Beilenson expects that sooner or later the state will increase
treatment funding, and he says the existing programs are working.
Still, with fewer than 100 publicly-funded residential treatment
spaces and just a handful of detox beds, Baltimore is far from
reaching its treatment goal. And Beilenson recites this one stark
statistic to make his point: each month, Baltimore's hospitals report
between 500 and 700 incidences where users walk in and threaten to
kill themselves or somebody else. With that, they get a week in the
psych ward, with medication to help them through withdrawal. It is one
of the only ways to get immediate detox.

Karen Wirth, a 35-year-old heroin addict who used to run a real estate
office, knows this all too well. On Thursday, Nov. 16, she climbs into
the needle-exchange van beside a vacant lot in a mixed neighbourhood
in the Western District and announces, almost immediately, that she
needs help. "Do you know anything about Bayview Medical Center?" she
asks Michelle Brown, the needle-exchange director. "I mean I need
detox. I need emergency detox."

Wirth, who would look healthy if not for the dark, tired circles under
her eyes, goes on to explain that she works full time and has managed,
for the first time in years, to keep a job for more than 90 days, in
large part because her bosses accept that 80 per cent of their workers
are addicts, she says. Now that she has worked 90 days her health
insurance will kick in. Now, Wirth says, she can pay to get herself
cleaned up.

"You know, the press and the government and everyone else, they say
they want to give treatment," she says, standing outside now. "But if
you're me you can't get it." And Wirth considers herself one of the
luckier junkies. "How many junkies have insurance?" she asks.

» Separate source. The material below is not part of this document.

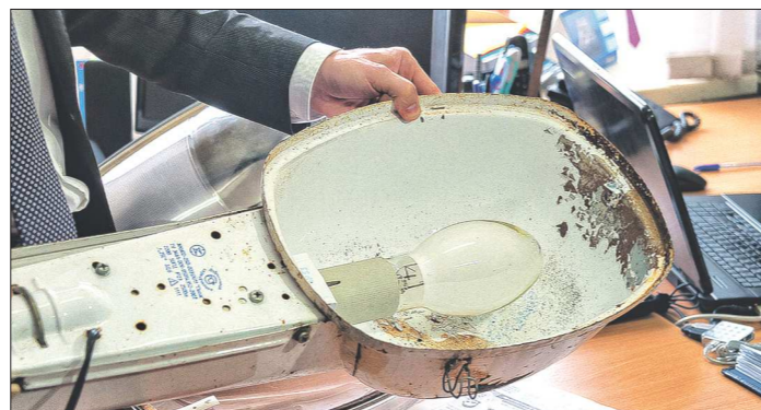
Старые металлические светильники быстро портятся и требовали в 2,5 раза больше энергии

В субботах двухметровой высоты жители не могли отыскать свои машины. За три последних месяца минувшего года на вывоз снега муниципалитет потратил почти четыре миллиона рублей, но и этого оказалось недостаточно. В феврале город вновь объявил конкурс на очистку дорог от снега. 2,3 миллиона рублей дополнительно выделено из городской казны, чтобы до апреля освободить от снега улицы города и прилегающих посёлков.

About eight blocks uphill, Monroe Street turns from a mixed
neighbourhood into an all black one where the only whites swing by in
their pick-up trucks to buy drugs. Up at Monroe and Fayette, someone
has scrawled the word "Murder" on a vertical beam outside the New York
Convenience Mart. Jerome Smith, T.T., Charlene Mack and Bouncer and
Adrienne Melcher and her five-year-old granddaughter Geneva Green,
white elastic bobbles in her hair, are on the corner. Young men and
teenage boys mill around, working ground stashes in elaborate teams
that include lookouts, runners, the dealer and enforcers. Whenever the
cruisers come by, one of the boys calls "time out" and disappear for a
minute or two.

Melcher, holding a bottle of Cobra in a brown paper bag, says she has
been a junkie for years, but she complains she is sick and tired of
being targeted by the police. She wants to know why they aren't busy
arresting the white suppliers, the big guys in their condos downtown,
who send the drugs to the street. "That's not right to pick up the
junkies and put them in jail," she says angrily.

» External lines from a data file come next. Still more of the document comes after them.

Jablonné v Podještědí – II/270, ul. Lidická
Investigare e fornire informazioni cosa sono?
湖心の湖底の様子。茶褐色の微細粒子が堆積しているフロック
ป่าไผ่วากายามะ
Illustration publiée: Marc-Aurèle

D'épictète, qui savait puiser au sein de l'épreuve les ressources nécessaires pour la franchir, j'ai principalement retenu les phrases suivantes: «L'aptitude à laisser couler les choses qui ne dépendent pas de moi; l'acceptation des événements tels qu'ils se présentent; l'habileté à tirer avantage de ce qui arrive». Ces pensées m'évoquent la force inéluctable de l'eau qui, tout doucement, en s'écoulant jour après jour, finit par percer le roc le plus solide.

T.T., a thin addict in dirty black shoes with a golden teardrop
embossed in a tooth, adds that he's been around the corner long enough
to know how it works. "I been arrested a few times for drugs and I
also been a user," he says. "They arrest you and they don't give you
treatment," he says. The police presence here makes him bitter. "I
think they're really taking it out of hand because they spend more
time harassing than doing. You can't come here and tell me I can't
come here no more. I live five doors down. What are you saying, that I
can't go outside?"

"Police goes on the corner for five or 10 minutes, everybody leave.
Police goes away, everybody comes back," he adds. The crowd around him
nods.

In neighbourhoods like this one, police and health officials must
battle drugs and dealers, sure, but they will also need to end the
poverty, provide housing and jobs -- give people some hope. The city's
numbers so far show Baltimore is looking up. O'Malley, Beilenson and
the police say they will turn this place around. But after years of
drugs and murder and neglect, no one on this corner, including T.T.,
seems ready to accept that just yet.

"They ain't going to change nothing."